▸ DATA UNDER STUDY
▽

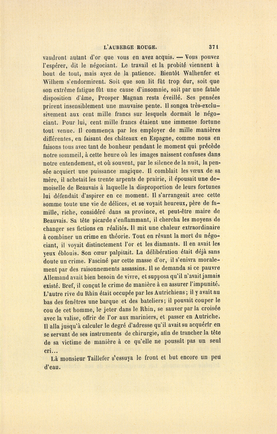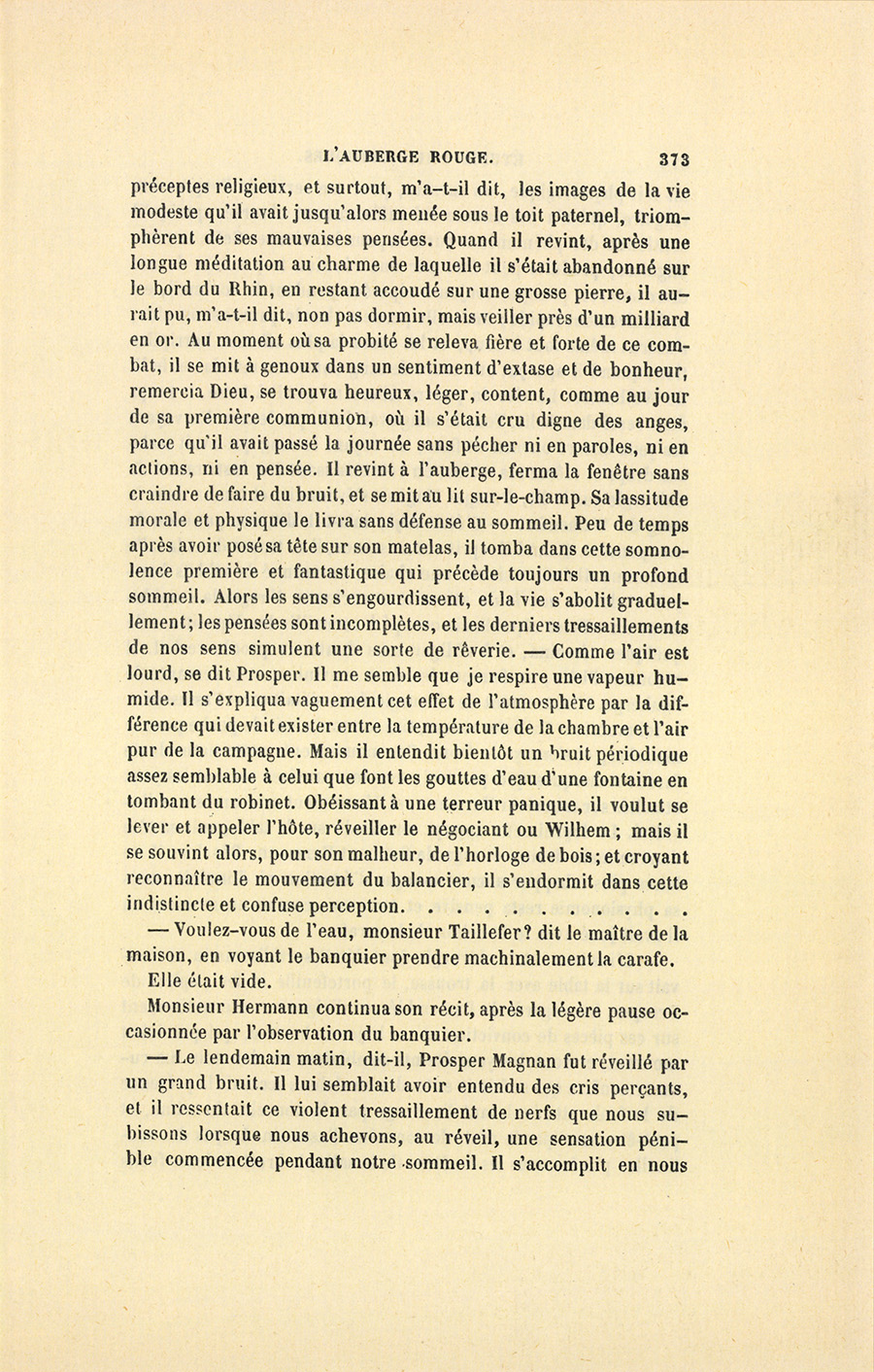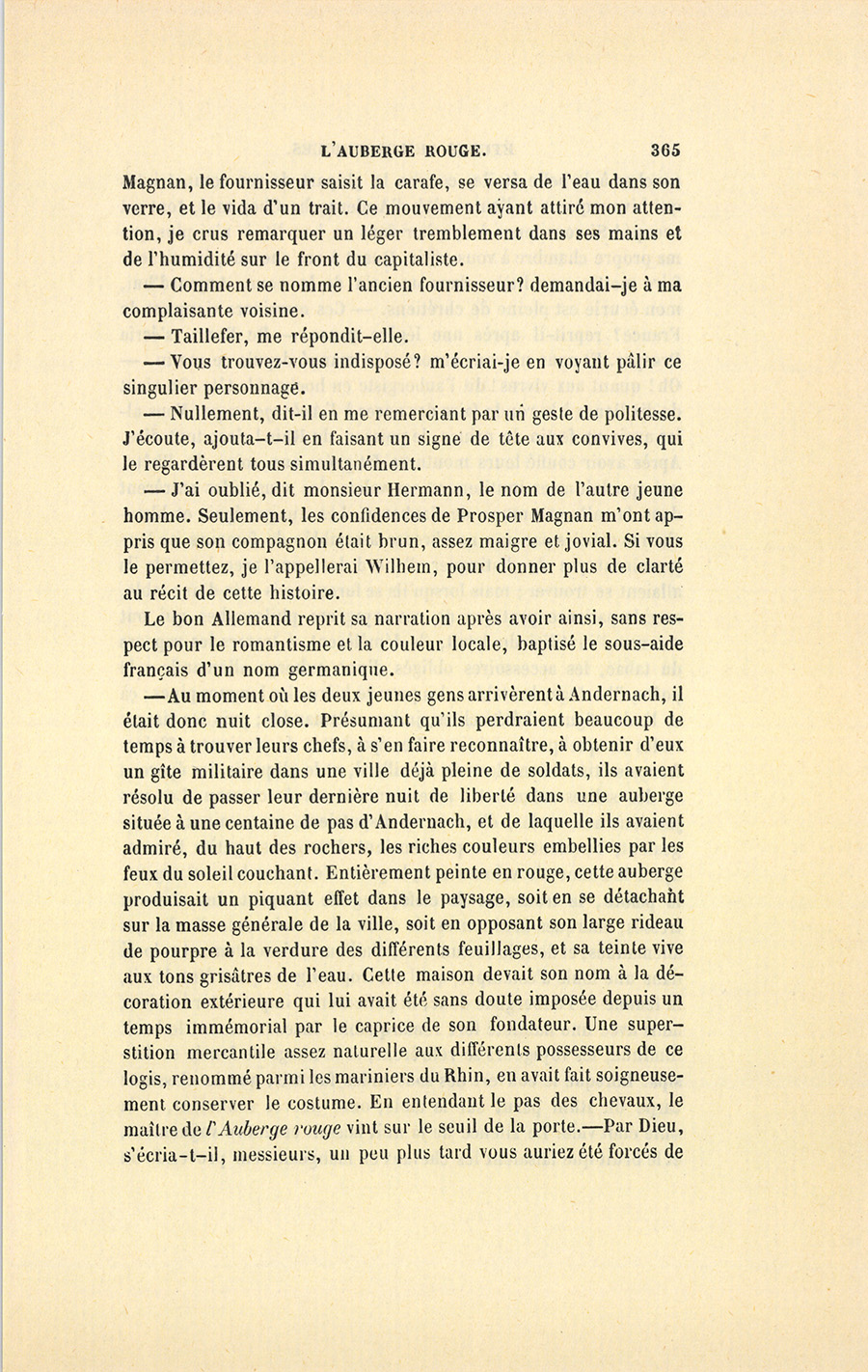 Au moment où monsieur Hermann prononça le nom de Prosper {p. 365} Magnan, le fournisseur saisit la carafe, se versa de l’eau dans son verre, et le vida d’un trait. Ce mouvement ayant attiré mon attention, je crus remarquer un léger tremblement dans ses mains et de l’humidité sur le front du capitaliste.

△
▽

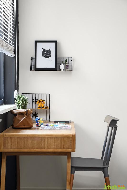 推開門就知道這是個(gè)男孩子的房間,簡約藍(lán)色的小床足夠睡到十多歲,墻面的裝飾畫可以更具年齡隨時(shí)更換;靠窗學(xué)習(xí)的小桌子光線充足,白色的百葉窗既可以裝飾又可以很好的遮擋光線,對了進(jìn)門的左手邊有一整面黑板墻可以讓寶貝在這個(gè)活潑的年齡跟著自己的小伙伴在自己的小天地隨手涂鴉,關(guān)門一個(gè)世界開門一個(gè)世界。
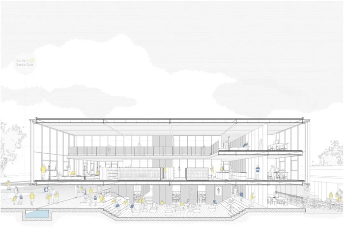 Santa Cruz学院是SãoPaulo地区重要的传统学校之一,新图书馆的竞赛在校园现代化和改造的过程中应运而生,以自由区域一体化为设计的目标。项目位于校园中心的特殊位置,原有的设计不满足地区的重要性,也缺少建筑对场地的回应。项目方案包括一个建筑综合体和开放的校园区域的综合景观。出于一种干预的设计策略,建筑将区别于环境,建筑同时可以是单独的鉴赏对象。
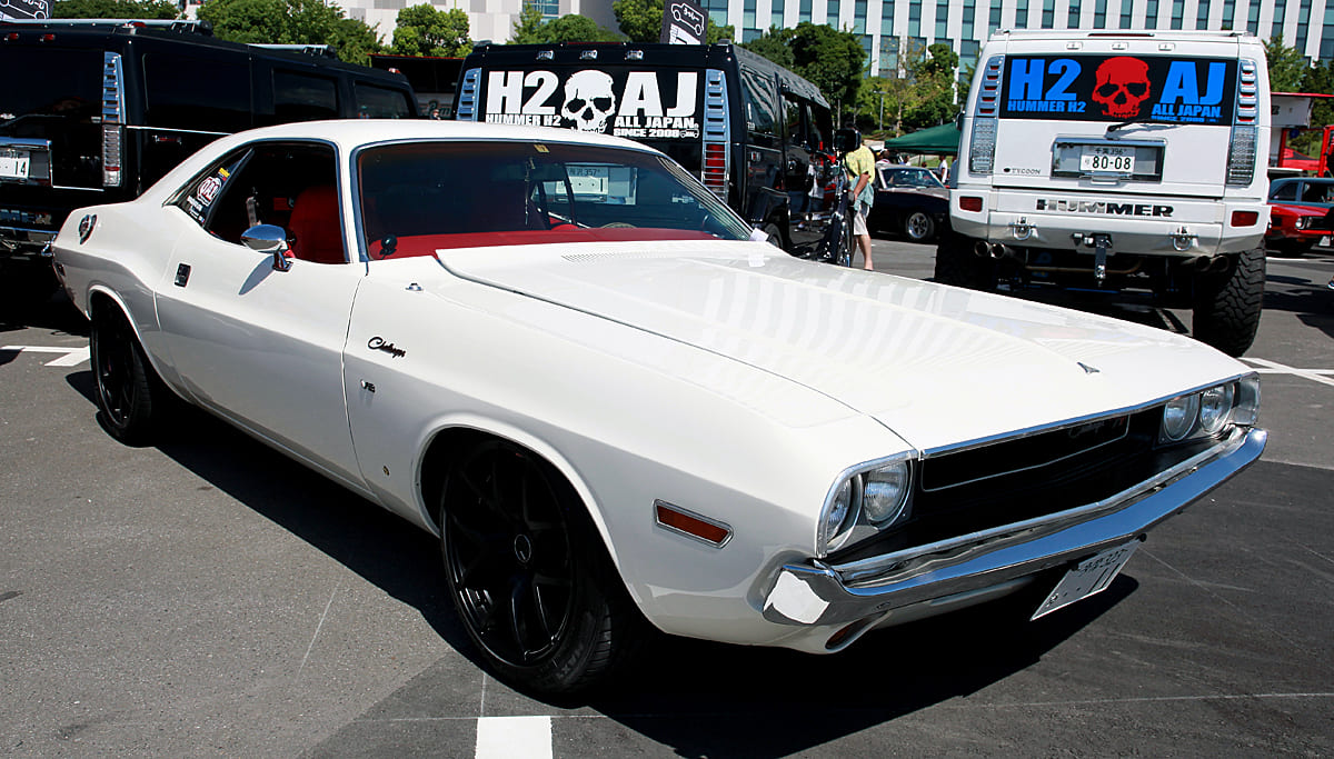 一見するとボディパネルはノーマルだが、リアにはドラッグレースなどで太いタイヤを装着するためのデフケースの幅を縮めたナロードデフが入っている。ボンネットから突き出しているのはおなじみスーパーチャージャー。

△
▽

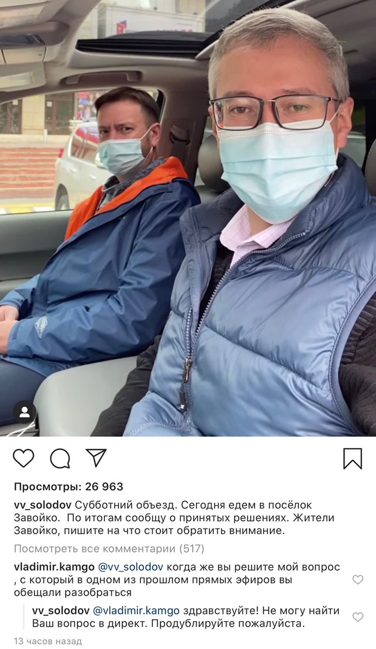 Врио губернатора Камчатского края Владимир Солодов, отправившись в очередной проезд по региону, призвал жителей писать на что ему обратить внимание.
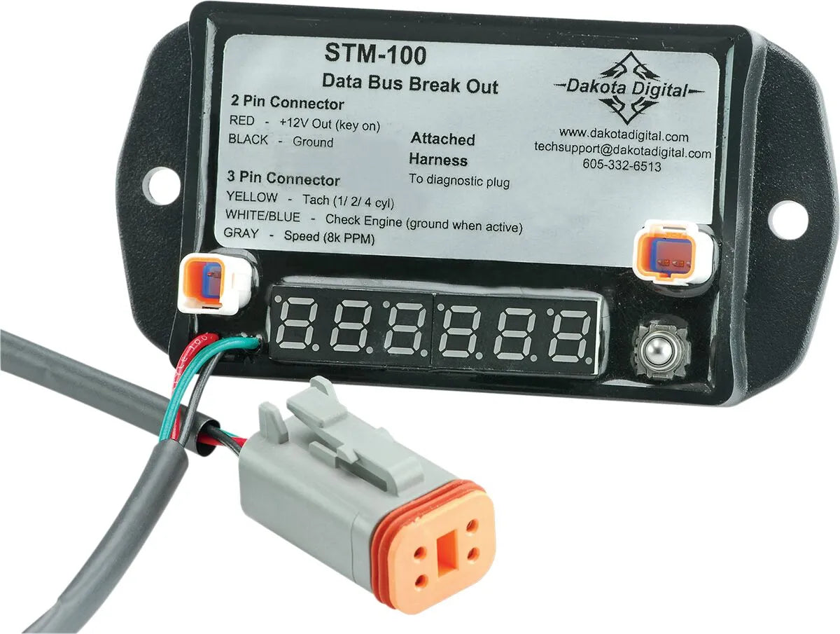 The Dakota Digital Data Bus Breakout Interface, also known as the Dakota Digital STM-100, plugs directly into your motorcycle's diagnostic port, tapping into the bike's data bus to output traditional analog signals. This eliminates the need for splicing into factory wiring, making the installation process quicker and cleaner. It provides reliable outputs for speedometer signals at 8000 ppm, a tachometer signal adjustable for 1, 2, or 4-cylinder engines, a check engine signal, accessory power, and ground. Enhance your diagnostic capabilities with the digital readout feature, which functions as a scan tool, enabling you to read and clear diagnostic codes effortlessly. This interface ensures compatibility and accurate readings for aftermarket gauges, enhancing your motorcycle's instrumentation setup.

△

▸ WORK TO BE COMPLETED
Your answer must be the lines above from the one holding "Santa Cruz学院是S" up to and including the one holding "一見するとボディパネルはノー", exact and with no pictures.

▸ ANSWER BOX
 Santa Cruz学院是SãoPaulo地区重要的传统学校之一,新图书馆的竞赛在校园现代化和改造的过程中应运而生,以自由区域一体化为设计的目标。项目位于校园中心的特殊位置,原有的设计不满足地区的重要性,也缺少建筑对场地的回应。项目方案包括一个建筑综合体和开放的校园区域的综合景观。出于一种干预的设计策略,建筑将区别于环境,建筑同时可以是单独的鉴赏对象。
 一見するとボディパネルはノーマルだが、リアにはドラッグレースなどで太いタイヤを装着するためのデフケースの幅を縮めたナロードデフが入っている。ボンネットから突き出しているのはおなじみスーパーチャージャー。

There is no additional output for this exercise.